Multiple intelligences
Howard Gardner proposed that there are several relatively independent intelligences (for example linguistic, logical-mathematical, spatial, musical, bodily-kinaesthetic, interpersonal, intrapersonal and naturalistic), arguing that a single score misses important abilities.
Triarchic theory
Robert Sternberg proposed three aspects: analytical (problem-solving), creative (dealing with novelty) and practical (everyday adaptive) intelligence.
Fluid and crystallised intelligence
Cattell distinguished fluid intelligence (reasoning and solving novel problems, which tends to decline with age) from crystallised intelligence (accumulated knowledge and skills, which tends to increase or hold).

Measuring intelligence

Intelligence is measured using standardised tests. Modern tests such as the Wechsler scales and the Stanford-Binet report an IQ score. Scores are standardised so that the population mean is 100 with a standard deviation of about 15, producing a normal distribution. Around two-thirds of people score between 85 and 115.
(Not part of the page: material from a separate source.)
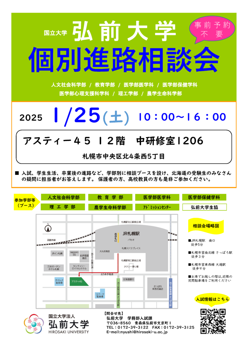 未来を切り拓くフロントランナーに 弘前大学大学院地域共創科学研究科では、青森会場・弘前会場にて入試説明会を開催し、出願方法について具体的に解説します。どちらの会場も同じ内容です。 青森会場 ...続きを読む
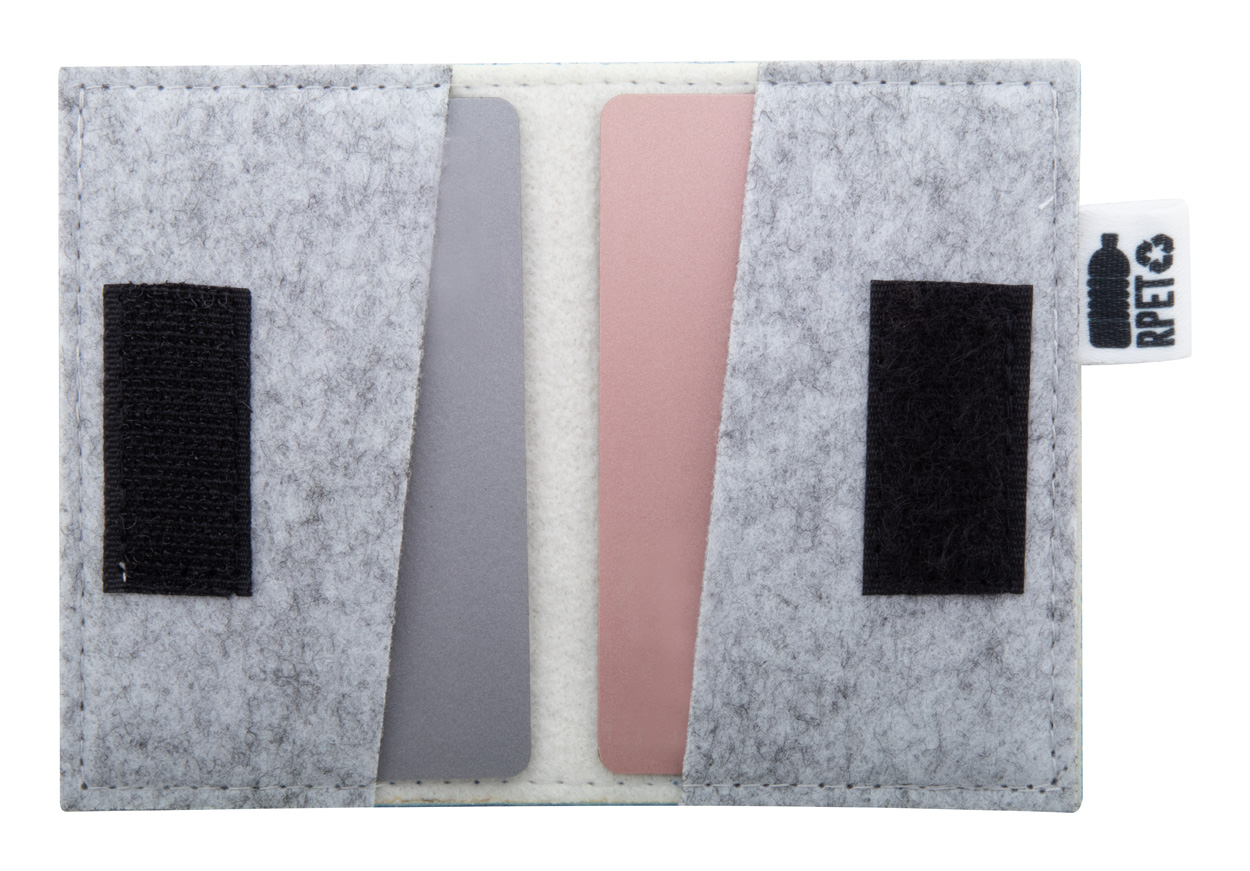 Individuelles Kreditkartenetui mit 2 Kartenfächern und Klettverschluss aus RPET-Filz. Der Preis ist inklusive vollfarbigem vollflächigem Sublimationsdruck auf der Vorderseite. Mindestbestellmenge: 50 Stk.

A test is standardised when it is administered and scored in a uniform way and compared against norms from a representative sample.

Evaluating the measures

Good psychological tests must be reliable, valid and free from bias:

  • Reliability - the test produces consistent results. Test-retest reliability checks whether the same person scores similarly on different occasions.
  • Validity - the test measures what it claims to measure. Predictive validity asks whether scores predict relevant outcomes such as academic performance.
  • Cultural bias - items that assume knowledge, language or experiences common to one cultural group can disadvantage others, lowering validity. Culture-fair tests try to reduce reliance on language and culturally specific knowledge.

Other limitations: a single score may oversimplify a complex set of abilities, tests can be affected by motivation, anxiety and test-taking practice, and scores can be misused to label people.